GPU Inference Benchmarks

BitNet b1.58 models use ternary weights ({-1, 0, +1}), enabling highly efficient inference on both consumer and datacenter GPUs. This page summarizes performance measurements across different hardware configurations.

Hardware Comparison​

GPUTokens/sec (eval)Tokens/sec (prompt)Memory UsageNotes
NVIDIA RTX 3090~298,000~350,000~1.3 GBConsumer GPU, 24GB VRAM
NVIDIA A100 80GB~274,000~320,000~1.3 GBDatacenter GPU, PCIe/SXM
NVIDIA H100 SXM~300,000+~380,000~1.3 GBDatacenter, AVX-512 VNNI on CPU side
CPU-only (M1 Pro)~0.2N/A~4 GBARM64, no GPU acceleration
CPU-only (x86 AVX-512)~15,000~18,000~1.3 GBServer CPU with AVX-512 VNNI

The numbers above are for the BitNet b1.58-2B-4T model (2.4 billion parameters) using the bitnet.cpp inference engine with I2_S quantization.
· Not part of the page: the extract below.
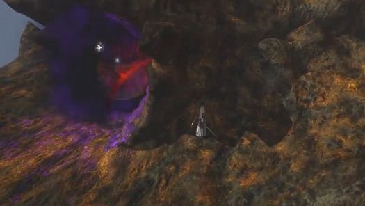 大家一定要跳着躲过去,此时你们就会出现在魔眼身上,魔眼的外貌有点类似LOL中的虚空之眼,他会从中心发射出毁灭射线攻击你,小伙伴们千万不要用肉身硬抗哦,基本上就是螳臂当车。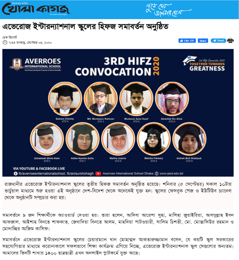 এভেরোজ ইন্টারন্যাশনাল স্কুলের হিফজ সমাবর্তন অনুষ্ঠিত Publisher : KHOLA KAGOZ Publish Date : 05/08/2020 Read Full Article Read Full Article

Actual throughput depends on batch size, sequence length, and system configuration.

caution

These throughput figures represent bitnet.cpp kernel benchmark results (measuring raw computation speed), not end-to-end text generation throughput. End-to-end generation speed is substantially lower due to sequential token generation, memory transfers, and tokenizer overhead. See the BitNet Coherence Report for measured end-to-end generation speeds.

Model Size Scaling​

ModelParametersGGUF SizeMin VRAMApprox. Throughput (RTX 3090)
BitNet b1.58 Small~700M~350 MB1 GB~400K tok/s
BitNet b1.58-2B-4T2.4B1.1 GB2 GB~298K tok/s
BitNet b1.58 3B~3B~1.4 GB2 GB~220K tok/s
BitNet b1.58 7B~7B~3.2 GB4 GB~95K tok/s

Ternary quantization (I2_S) produces model files that are approximately 20x smaller than their float32 equivalents. A 7B parameter model that would normally require ~28 GB in float32 fits in roughly 3.2 GB with ternary weights.

Batch Size Effects​

Batch size has a significant impact on throughput. Single-token generation (batch size 1) is latency-optimized, while larger batch sizes improve aggregate throughput at the cost of per-token latency.

Batch SizeThroughput MultiplierUse Case
11x (baseline)Interactive chat, real-time generation
4~2.5xSmall batch serving
16~6xBatch processing
64~12xOffline processing, benchmarks

Memory Requirements​

The ternary weight format dramatically reduces memory consumption:

  • Model weights: 1.58 bits per parameter (vs 32 bits for float32, 16 bits for float16)
  • KV cache: Standard float16, scales with context length and batch size
  • Activations: 8-bit quantized activations further reduce memory during inference

For the 2B-4T model, peak memory usage is approximately 1.3 GB for the model weights plus KV cache overhead that scales with sequence length. A 4096-token context window adds roughly 200-400 MB depending on the number of KV heads.

Inference Frameworks​

Trinity's benchmarks use the official Microsoft bitnet.cpp framework, which provides optimized kernels for ternary inference:

  • I2_S kernel: Optimized for ternary weight unpacking and accumulation
  • TL2 kernel: Advanced kernel with tiling for better cache utilization on x86
  • ARM NEON: Vectorized path for Apple Silicon and ARM servers

The RunPod deployment script (scripts/runpod_h100_bitnet.sh) automates benchmarking across thread counts and prompt variations on cloud GPU instances.